DATA:
=== Begin Enclosure ===
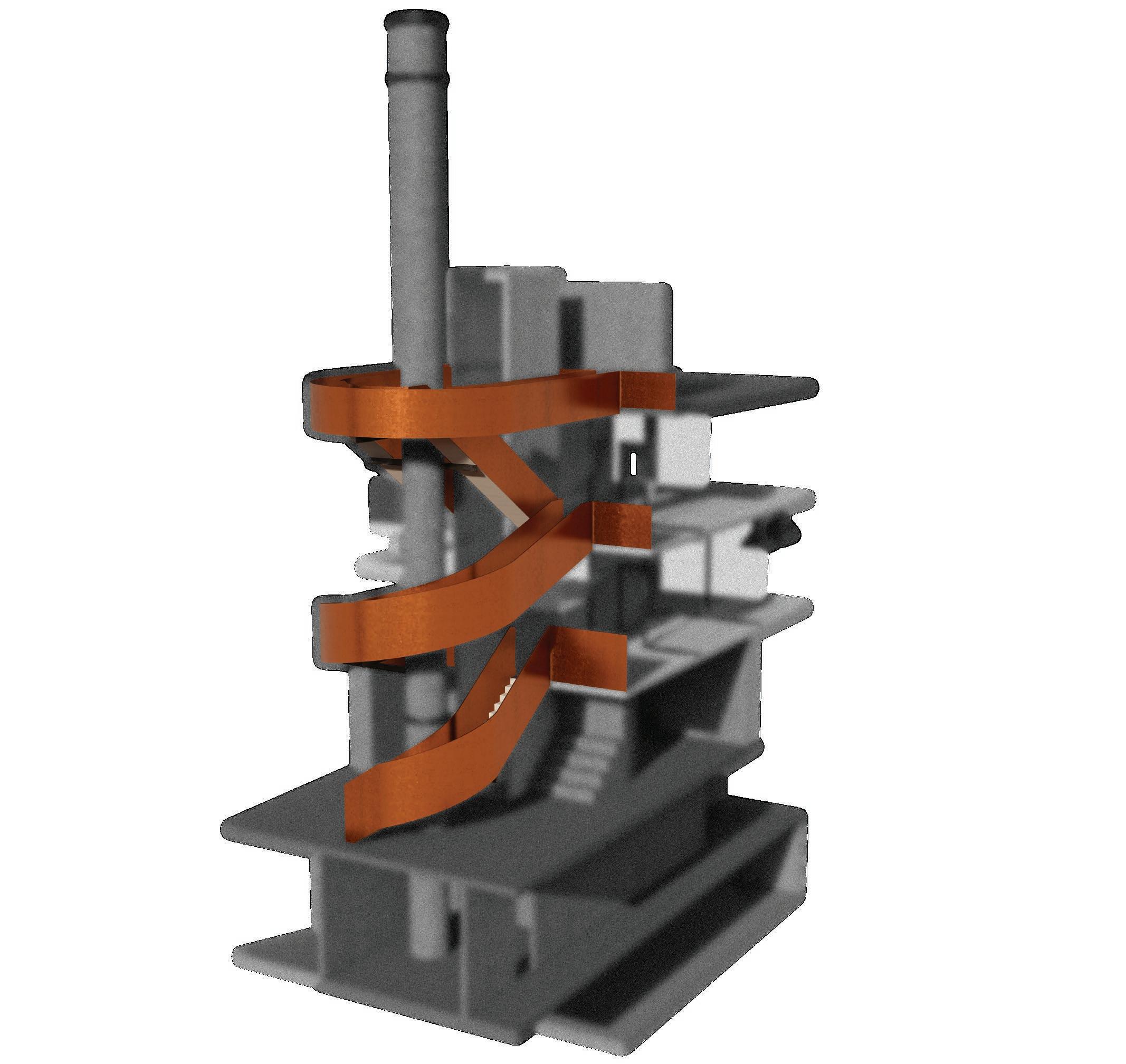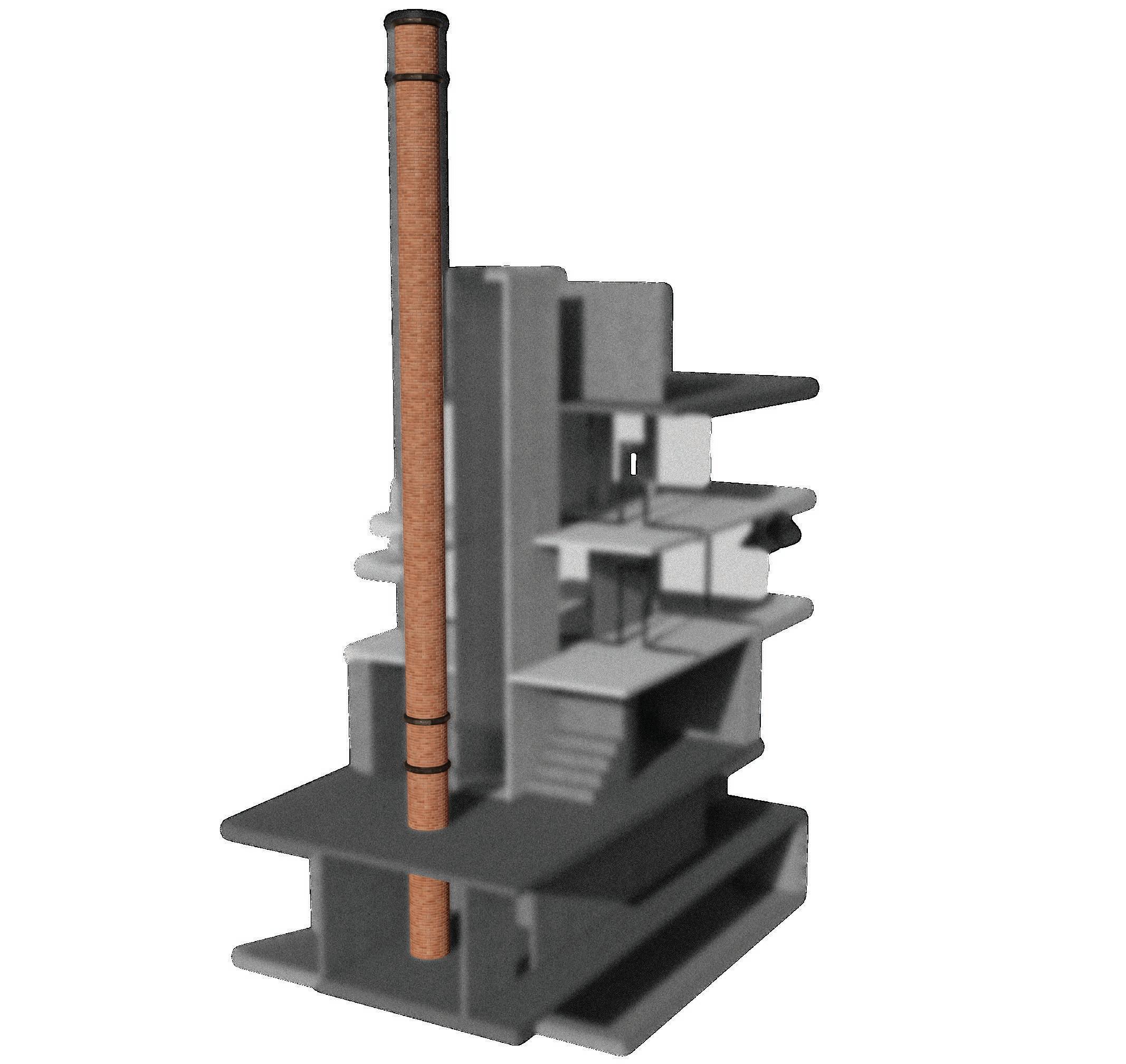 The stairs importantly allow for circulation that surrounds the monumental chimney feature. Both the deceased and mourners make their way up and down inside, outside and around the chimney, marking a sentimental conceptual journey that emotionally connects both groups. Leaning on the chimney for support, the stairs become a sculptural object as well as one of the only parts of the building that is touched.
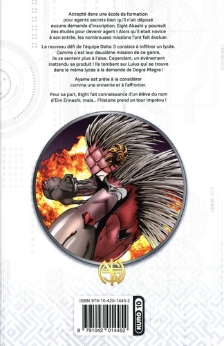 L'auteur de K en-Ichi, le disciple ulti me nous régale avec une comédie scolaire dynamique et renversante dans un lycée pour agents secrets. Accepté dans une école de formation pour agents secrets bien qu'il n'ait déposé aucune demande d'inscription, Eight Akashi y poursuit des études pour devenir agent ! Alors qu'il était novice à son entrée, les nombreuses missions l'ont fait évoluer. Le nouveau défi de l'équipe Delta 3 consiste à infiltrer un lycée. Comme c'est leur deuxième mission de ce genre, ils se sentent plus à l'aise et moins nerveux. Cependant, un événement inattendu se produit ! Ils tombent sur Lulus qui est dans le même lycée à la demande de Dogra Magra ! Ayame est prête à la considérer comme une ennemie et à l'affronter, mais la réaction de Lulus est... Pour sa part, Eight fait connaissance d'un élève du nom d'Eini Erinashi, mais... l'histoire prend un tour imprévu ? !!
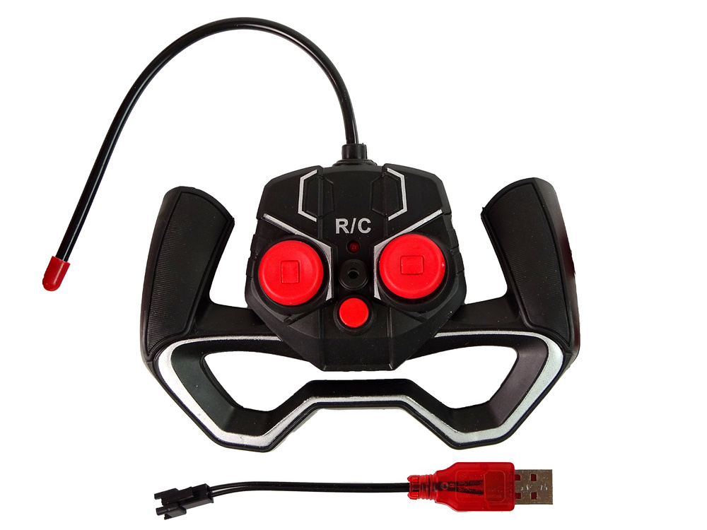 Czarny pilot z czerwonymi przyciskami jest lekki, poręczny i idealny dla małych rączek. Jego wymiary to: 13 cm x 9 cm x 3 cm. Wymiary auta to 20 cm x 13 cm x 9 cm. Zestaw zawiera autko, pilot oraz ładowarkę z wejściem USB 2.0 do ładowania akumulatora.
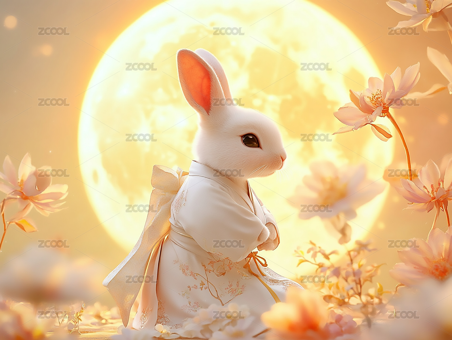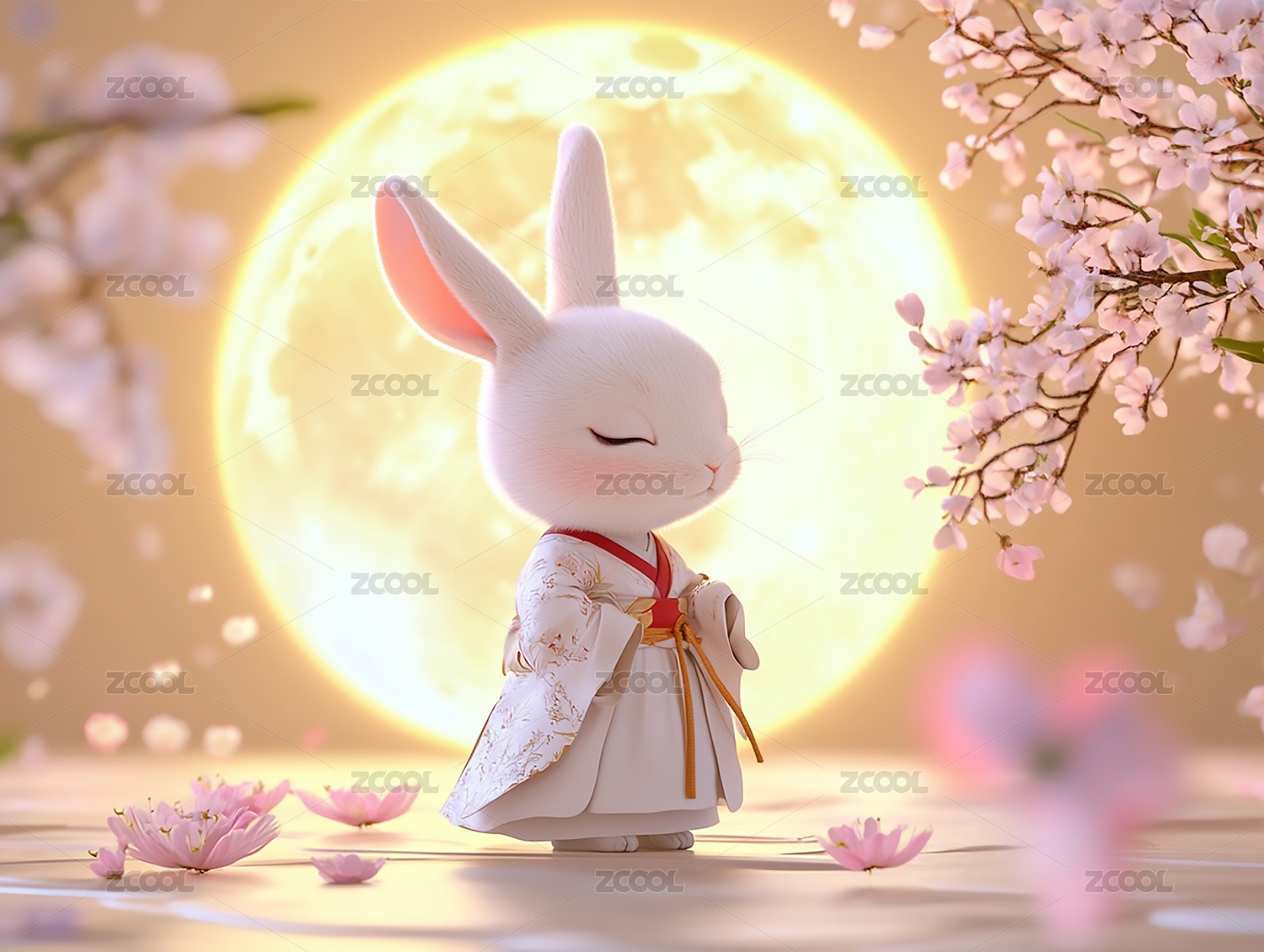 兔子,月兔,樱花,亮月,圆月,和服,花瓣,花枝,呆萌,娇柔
=== End Enclosure ===
YOUR ASSIGNMENT:
Would you mind transcribing the material exactly, without the pictures?

FINAL ANSWER:
 The stairs importantly allow for circulation that surrounds the monumental chimney feature. Both the deceased and mourners make their way up and down inside, outside and around the chimney, marking a sentimental conceptual journey that emotionally connects both groups. Leaning on the chimney for support, the stairs become a sculptural object as well as one of the only parts of the building that is touched.
 L'auteur de K en-Ichi, le disciple ulti me nous régale avec une comédie scolaire dynamique et renversante dans un lycée pour agents secrets. Accepté dans une école de formation pour agents secrets bien qu'il n'ait déposé aucune demande d'inscription, Eight Akashi y poursuit des études pour devenir agent ! Alors qu'il était novice à son entrée, les nombreuses missions l'ont fait évoluer. Le nouveau défi de l'équipe Delta 3 consiste à infiltrer un lycée. Comme c'est leur deuxième mission de ce genre, ils se sentent plus à l'aise et moins nerveux. Cependant, un événement inattendu se produit ! Ils tombent sur Lulus qui est dans le même lycée à la demande de Dogra Magra ! Ayame est prête à la considérer comme une ennemie et à l'affronter, mais la réaction de Lulus est... Pour sa part, Eight fait connaissance d'un élève du nom d'Eini Erinashi, mais... l'histoire prend un tour imprévu ? !!
 Czarny pilot z czerwonymi przyciskami jest lekki, poręczny i idealny dla małych rączek. Jego wymiary to: 13 cm x 9 cm x 3 cm. Wymiary auta to 20 cm x 13 cm x 9 cm. Zestaw zawiera autko, pilot oraz ładowarkę z wejściem USB 2.0 do ładowania akumulatora.
 兔子,月兔,樱花,亮月,圆月,和服,花瓣,花枝,呆萌,娇柔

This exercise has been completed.